Audio Transcription (ASR)

The system utilizes Faster-Whisper to convert video audio tracks into high-fidelity, timestamped text. This component is critical for semantic search, allowing the RAG agent to locate specific moments based on spoken dialogue or narration.

Transcription Engine: Faster-Whisper

Faster-Whisper is a reimplementation of OpenAI's Whisper model using CTranslate2. It is significantly faster than the original implementation while maintaining the same accuracy. In this architecture, the engine is responsible for:

Voice Activity Detection (VAD): Filtering out silence and non-speech segments.
Timestamp Generation: Providing precise [start, end] offsets for every sentence or phrase.
CUDA Acceleration: Utilizing NVIDIA GPUs to process long-form video audio in near real-time.

The Ingestion Pipeline

Transcription is an automated stage within the video ingestion workflow. When you submit a video via the API or UI, the system follows these steps:

Audio Extraction: The system strips the audio stream from the video source.
Asynchronous Processing: The transcription job is queued.
Chunking: The resulting transcript is broken into semantic segments (chunks) mapped to specific time intervals.

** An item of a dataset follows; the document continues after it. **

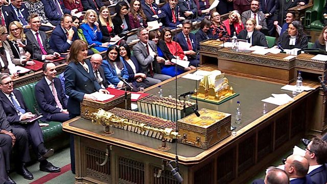Coverage of the Budget statement in the House of Commons by chancellor of the exchequer Rachel Reeves and responses from the leader of the opposition Kemi Badenoch, chair of the Treasury committee Dame Meg Hillier and Liberal Democrat leader Ed Davey, from Wednesday 26 November.
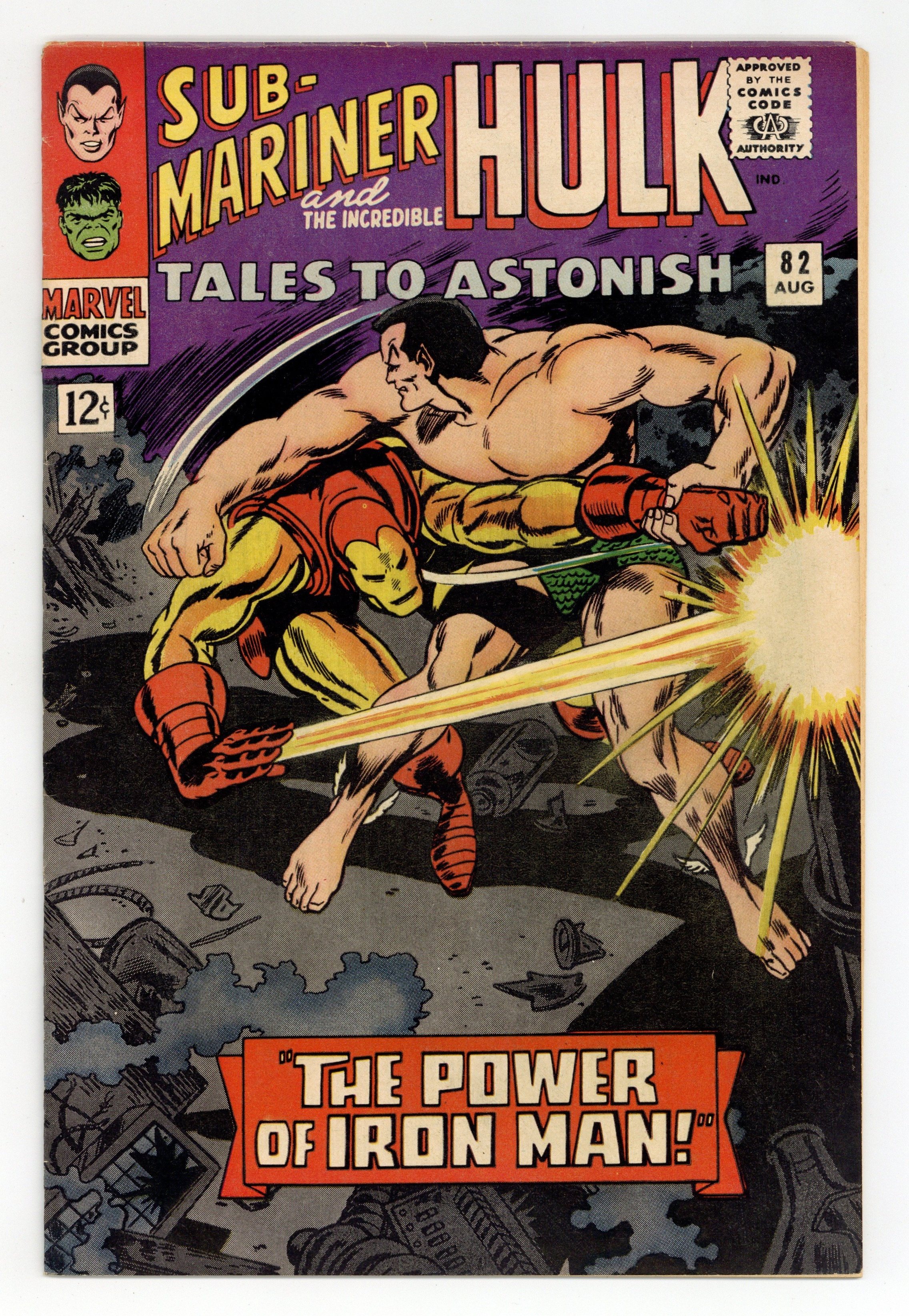 Cover by Gene Colan and Dick Ayers. The Power of Iron Man!, script by Stan Lee and Roy Thomas, art by Gene Colan, Jack Kirby, and Dick Ayers; Namor and Iron Man beat up on each other; Namor abandons the battle when he spots the battle cruiser of Krang floating the water nearby. The Battle Cry of the Boomerang!, script by Stan Lee, art by Jack Kirby and Bill Everett; The Hulk saves Betty from Boomerang and in so doing thwarts the initial plans of the Secret Empire in stealing the secret of the deadly Orion missile. 36 pgs., full color. $0.12. Cover price $0.12.

You can monitor the progress of this stage through the JobStatus schema:

// Example of a job currently in the transcribing stage
{
  "job_id": "job_01HXYZ123ABC",
  "status": "transcribing",
  "progress_percent": 45,
  "current_stage": "Extracting speech-to-text with timestamps",
  "message": "Processing audio stream..."
}

Searching Transcripts

Once indexed, audio chunks are stored in the vector database with a chunk_type of audio. When performing a search, the system retrieves these segments based on semantic similarity to the user's query.

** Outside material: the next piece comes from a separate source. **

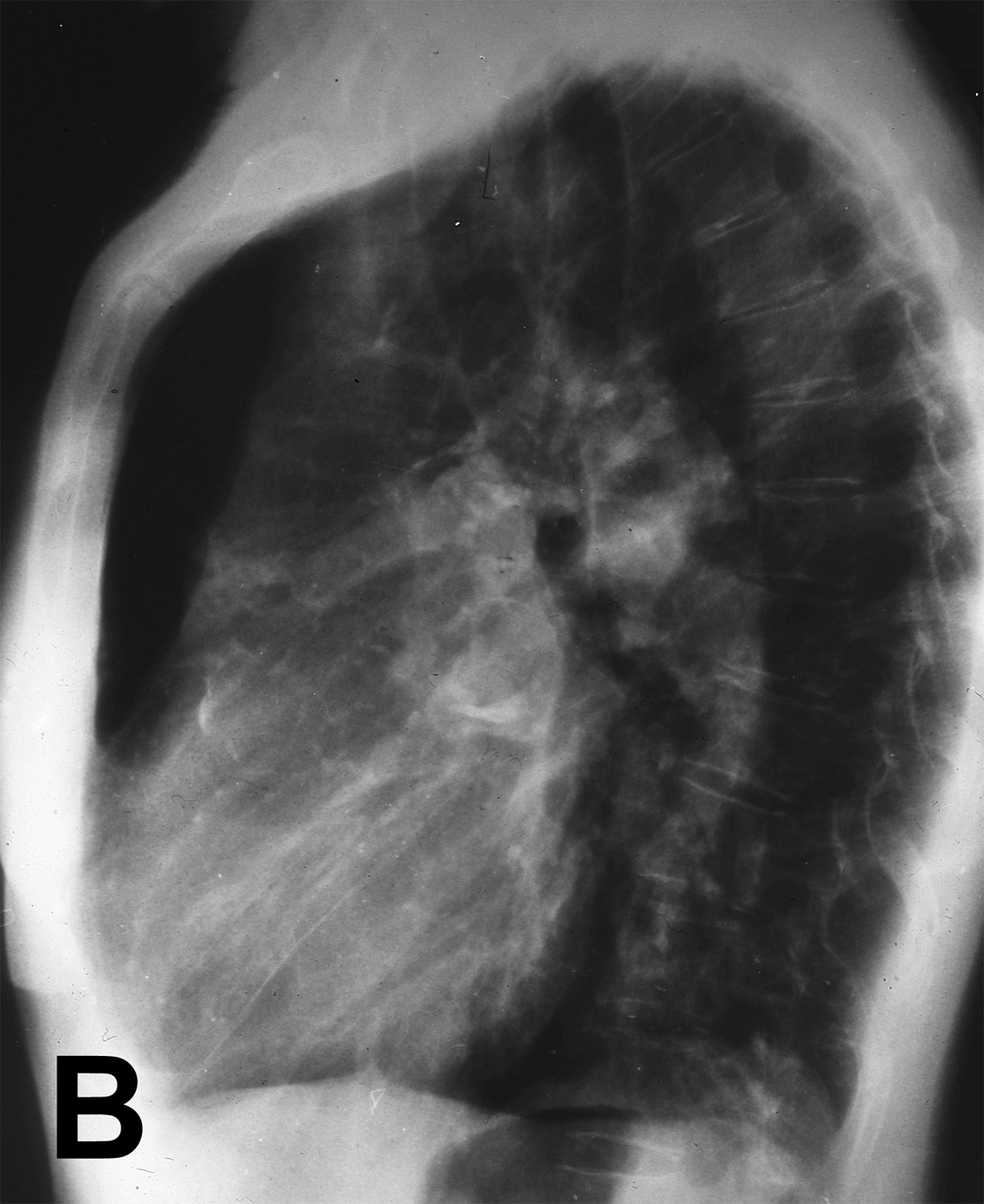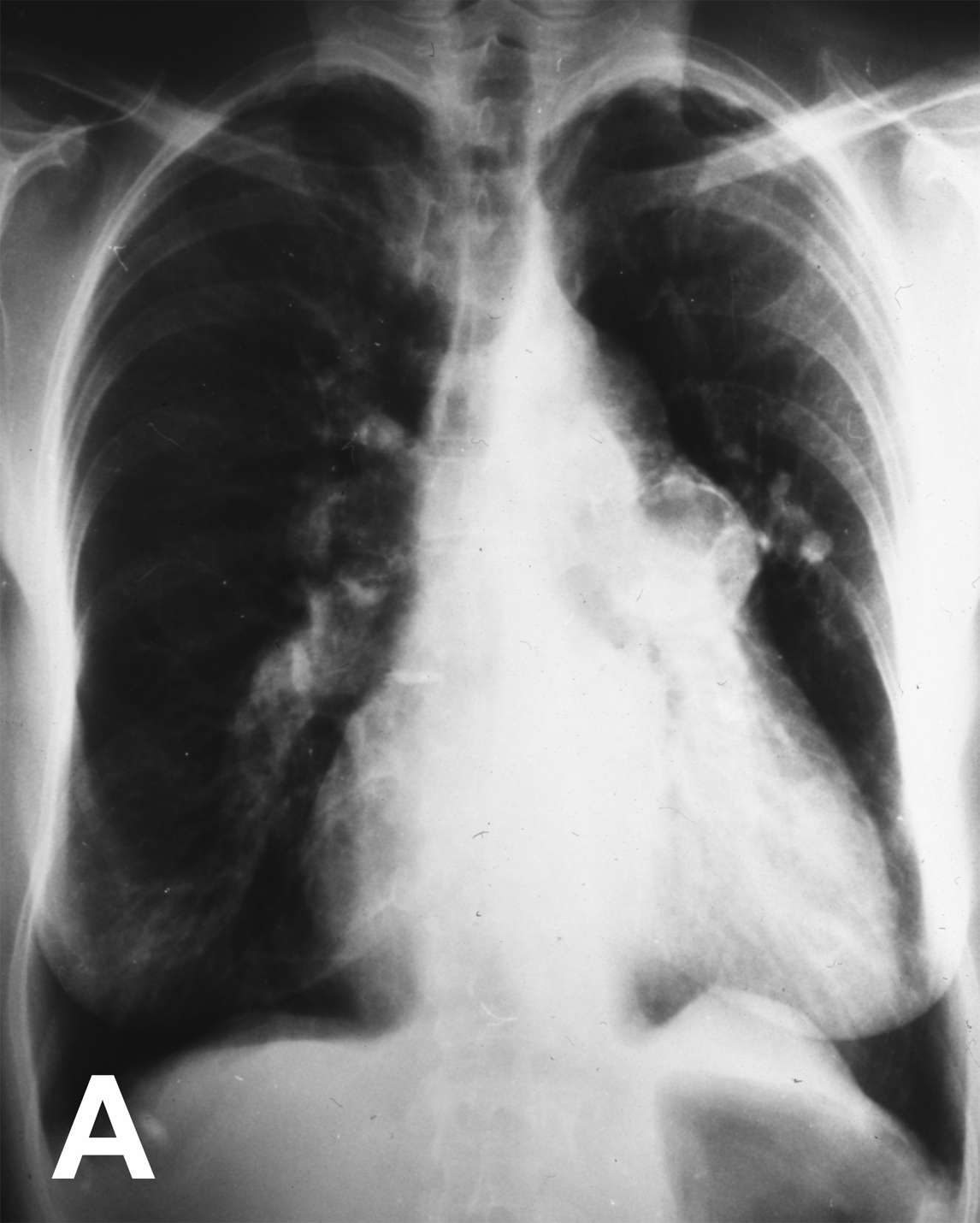Aortopulmonary window is a rare defect caused by failure of fusion of the two opposing conotruncal ridges which are responsible for separating the truncus arteriosus into the aorta and pulmonary tract. A case of long survival with aortopulmonary window causing Eisenmenger syndrome is presented. A 65-year-old female patient was admitted with cardiorespiratory failure. She had had effort dyspnoea for 30 years but had refused investigations. Physical examination revealed generalised cyanosis, marked anasarca and a holosystolic murmur superimposed on an accentuated S2. Oxygen saturation was 95% but the arterial blood gas showed significant hypoxia (pO2 65 mmHg). Blood pressure was 150/80 mmHg. The ECG on admission showed pulmonary P-waves and signs of right ventricular hypertrophy. Echocardiography revealed a grossly dilated right ventricle with severe tricuspid regurgitation and mild pulmonary insufficiency. The estimated pulmonary pressure of 140/70 mmHg was nearly identical with the systemic blood pressure. The dimensions of the left atrium and left ventricle were within normal limits with good left ventricular systolic function. Chest X-ray showed significantly dilated pulmonary vessels and a round calcified mass in the left pulmonary hilum (Figures 1A, 1B). The patient died suddenly on the following day. Autopsy revealed a large (28 mm) communication between the pulmonary trunk and the aorta (Figure 2).

Search Request Configuration

To specifically include or exclude audio data in your searches, use the include_audio flag in the search request:

curl -X POST http://localhost:8000/api/v1/search \
  -H "Content-Type: application/json" \
  -d '{
    "query": "What did the speaker say about long-term goals?",
    "include_audio": true,
    "top_k": 5
  }'

Search Result Schema

Audio-based search results return the specific text fragment and the exact time it occurred:

{
  "video_id": "vid_98765",
  "chunk_id": "chunk_audio_001",
  "chunk_type": "audio",
  "timestamp_start": 42.5,
  "timestamp_end": 51.0,
  "content": "Our main objective for the next quarter is to stabilize the infrastructure...",
  "score": 0.89
}

Configuration and Optimization

The ASR behavior is primarily governed by the system's environment configuration. While the model size (e.g., base, small, medium, large-v3) can be configured in the backend settings, the default deployment is optimized for a balance between speed and accuracy.

| Setting | Description | |---------|-------------| | Device | Defaults to cuda for GPU acceleration. | | Compute Type | Optimized to float16 or int8_float16 depending on hardware support. | | Language Detection | Automatically detects the primary language of the video. |

[!TIP] For best results with ASR, ensure the video source has clear audio. High background noise or overlapping speakers may reduce timestamp precision, though semantic retrieval remains robust.